BEGIN Material supplied

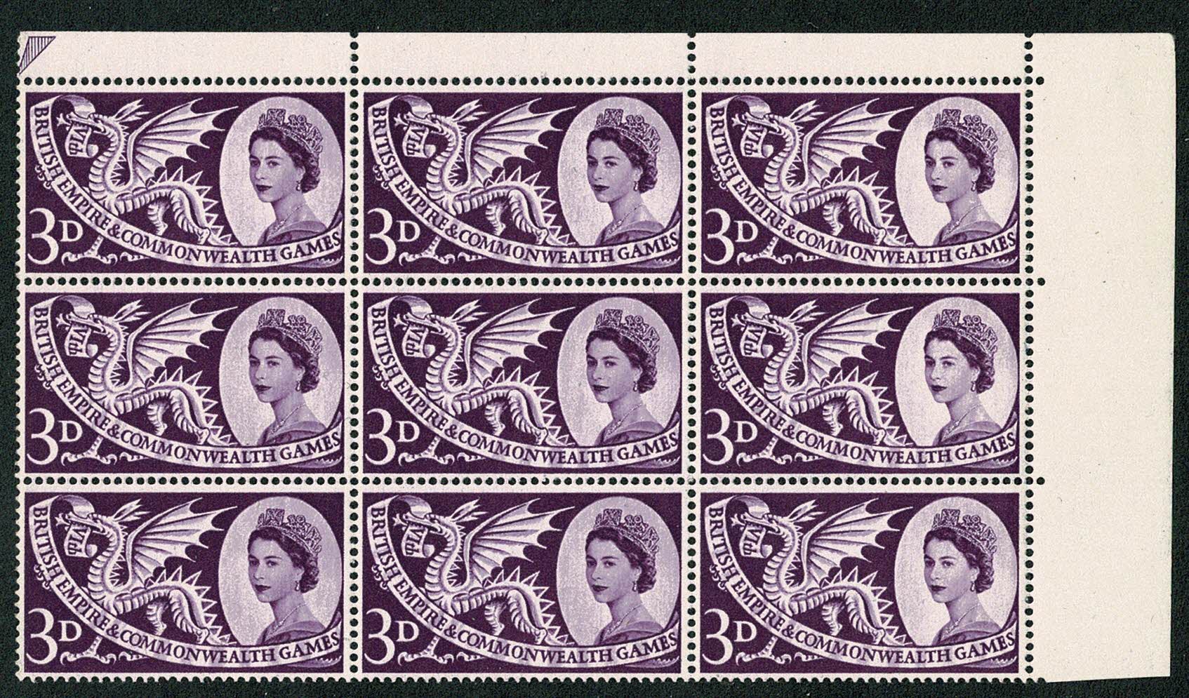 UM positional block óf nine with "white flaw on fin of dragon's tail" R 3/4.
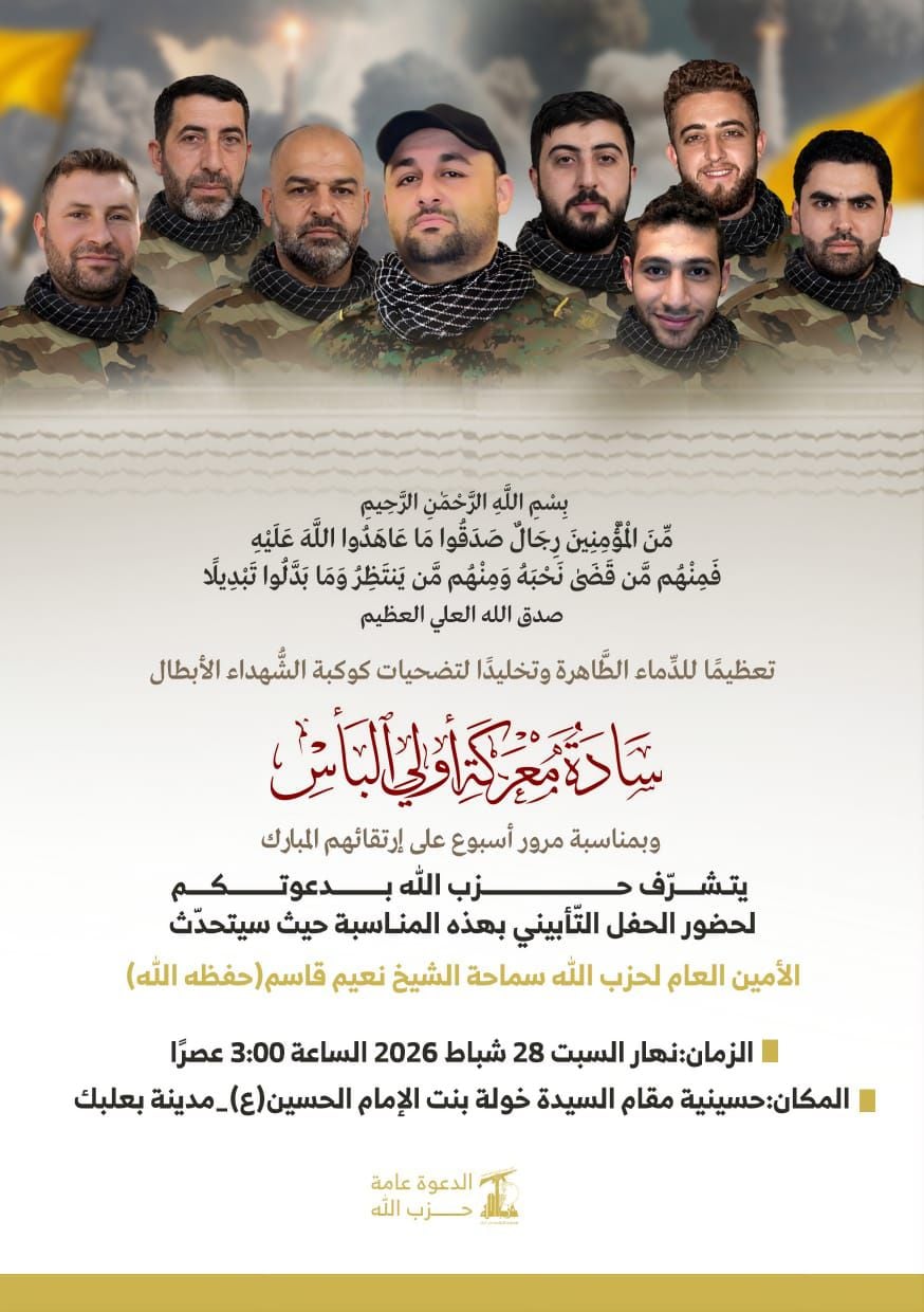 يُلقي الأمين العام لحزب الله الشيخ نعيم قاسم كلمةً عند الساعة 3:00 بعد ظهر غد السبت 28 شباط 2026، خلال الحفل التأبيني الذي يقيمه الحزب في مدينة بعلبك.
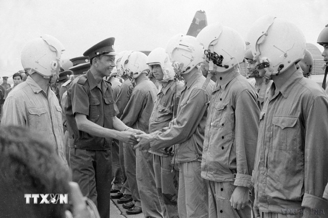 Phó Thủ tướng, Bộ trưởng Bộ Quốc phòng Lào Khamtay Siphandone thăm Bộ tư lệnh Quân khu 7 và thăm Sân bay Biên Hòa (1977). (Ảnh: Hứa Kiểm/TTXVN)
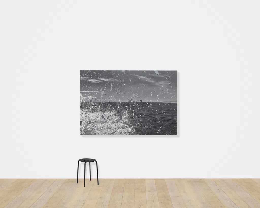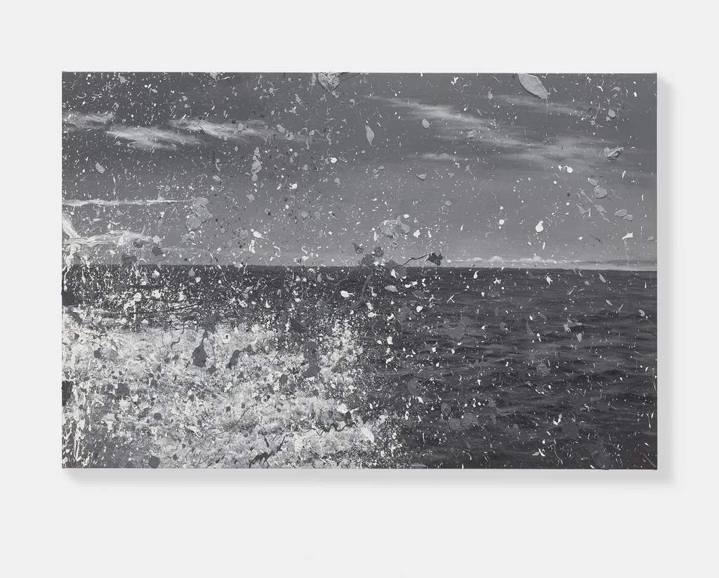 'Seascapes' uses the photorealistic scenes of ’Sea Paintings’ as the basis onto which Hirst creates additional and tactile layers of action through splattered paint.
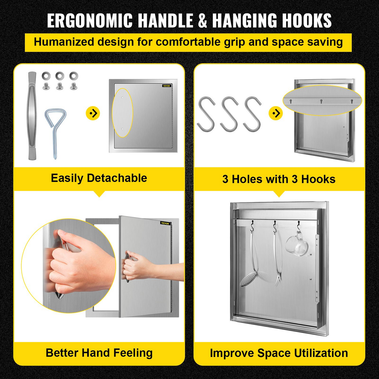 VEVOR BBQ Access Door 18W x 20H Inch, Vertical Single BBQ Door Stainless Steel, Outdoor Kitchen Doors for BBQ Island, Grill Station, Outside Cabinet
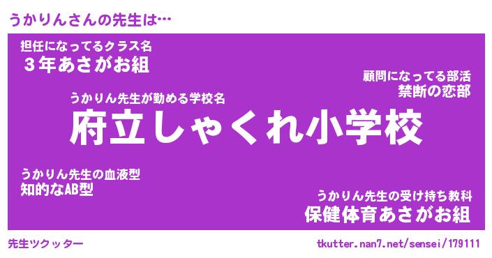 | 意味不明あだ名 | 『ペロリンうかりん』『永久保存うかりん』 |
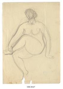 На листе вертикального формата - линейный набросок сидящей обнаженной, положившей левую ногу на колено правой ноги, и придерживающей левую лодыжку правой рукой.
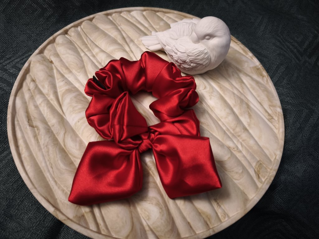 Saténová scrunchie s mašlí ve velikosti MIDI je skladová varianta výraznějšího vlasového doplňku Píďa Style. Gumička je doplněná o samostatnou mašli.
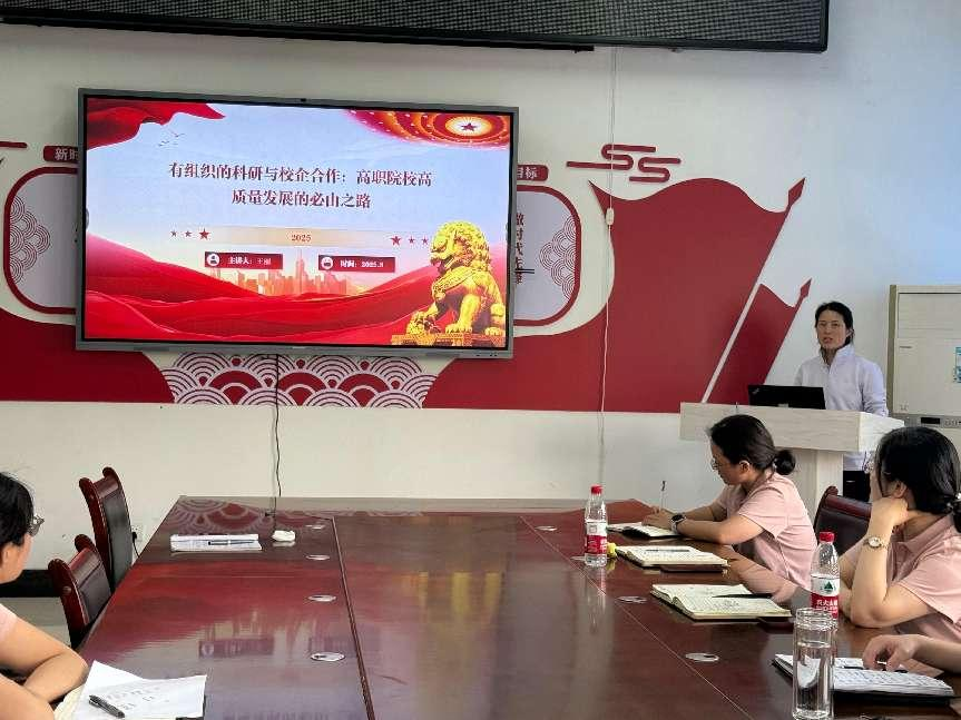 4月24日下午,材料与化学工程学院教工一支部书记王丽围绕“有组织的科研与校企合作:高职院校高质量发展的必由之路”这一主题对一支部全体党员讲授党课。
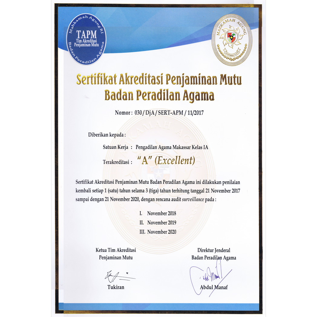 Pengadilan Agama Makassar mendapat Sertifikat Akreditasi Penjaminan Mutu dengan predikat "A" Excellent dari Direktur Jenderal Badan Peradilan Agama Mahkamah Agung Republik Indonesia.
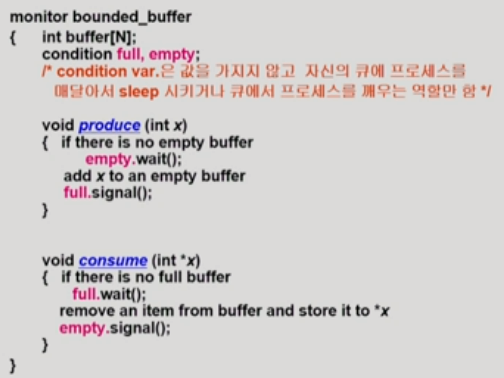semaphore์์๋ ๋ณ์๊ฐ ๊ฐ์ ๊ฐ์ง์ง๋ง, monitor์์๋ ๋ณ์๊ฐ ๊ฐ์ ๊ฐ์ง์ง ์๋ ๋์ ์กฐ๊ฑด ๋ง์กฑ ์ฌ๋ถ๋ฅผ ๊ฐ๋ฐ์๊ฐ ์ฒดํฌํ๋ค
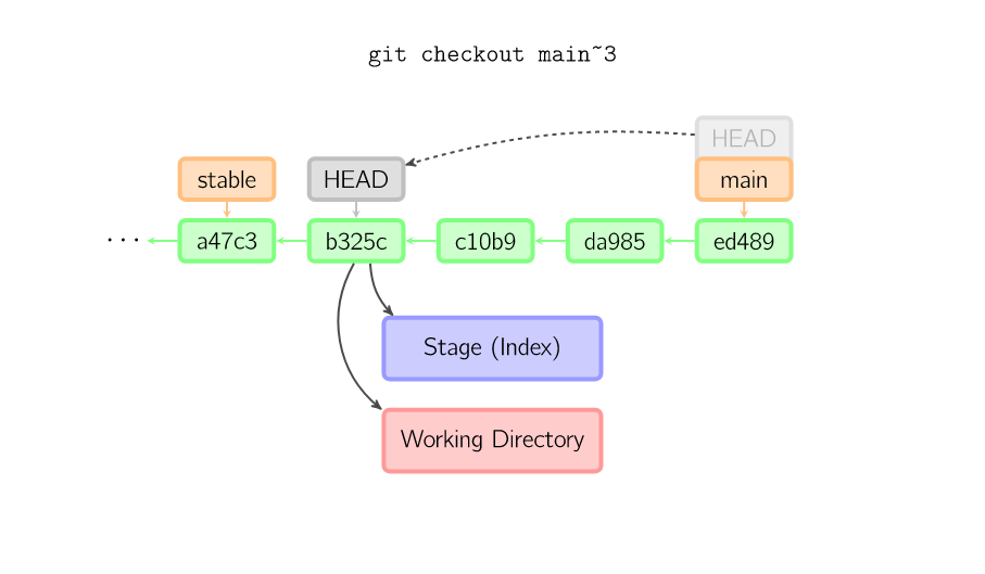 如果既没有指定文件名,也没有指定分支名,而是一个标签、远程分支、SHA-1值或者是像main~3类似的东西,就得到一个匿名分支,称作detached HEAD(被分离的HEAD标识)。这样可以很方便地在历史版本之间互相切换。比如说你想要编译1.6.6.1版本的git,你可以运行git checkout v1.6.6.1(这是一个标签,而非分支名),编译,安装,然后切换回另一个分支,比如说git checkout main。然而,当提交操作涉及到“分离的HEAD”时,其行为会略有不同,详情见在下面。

END Material supplied

Task goal – What is needed is an exact restatement of every line from the one containing "Pengadilan Agama Makassar" through the last line of the records, pictures left out.

Response –
 Pengadilan Agama Makassar mendapat Sertifikat Akreditasi Penjaminan Mutu dengan predikat "A" Excellent dari Direktur Jenderal Badan Peradilan Agama Mahkamah Agung Republik Indonesia.
semaphore์์๋ ๋ณ์๊ฐ ๊ฐ์ ๊ฐ์ง์ง๋ง, monitor์์๋ ๋ณ์๊ฐ ๊ฐ์ ๊ฐ์ง์ง ์๋ ๋์ ์กฐ๊ฑด ๋ง์กฑ ์ฌ๋ถ๋ฅผ ๊ฐ๋ฐ์๊ฐ ์ฒดํฌํ๋ค
 如果既没有指定文件名,也没有指定分支名,而是一个标签、远程分支、SHA-1值或者是像main~3类似的东西,就得到一个匿名分支,称作detached HEAD(被分离的HEAD标识)。这样可以很方便地在历史版本之间互相切换。比如说你想要编译1.6.6.1版本的git,你可以运行git checkout v1.6.6.1(这是一个标签,而非分支名),编译,安装,然后切换回另一个分支,比如说git checkout main。然而,当提交操作涉及到“分离的HEAD”时,其行为会略有不同,详情见在下面。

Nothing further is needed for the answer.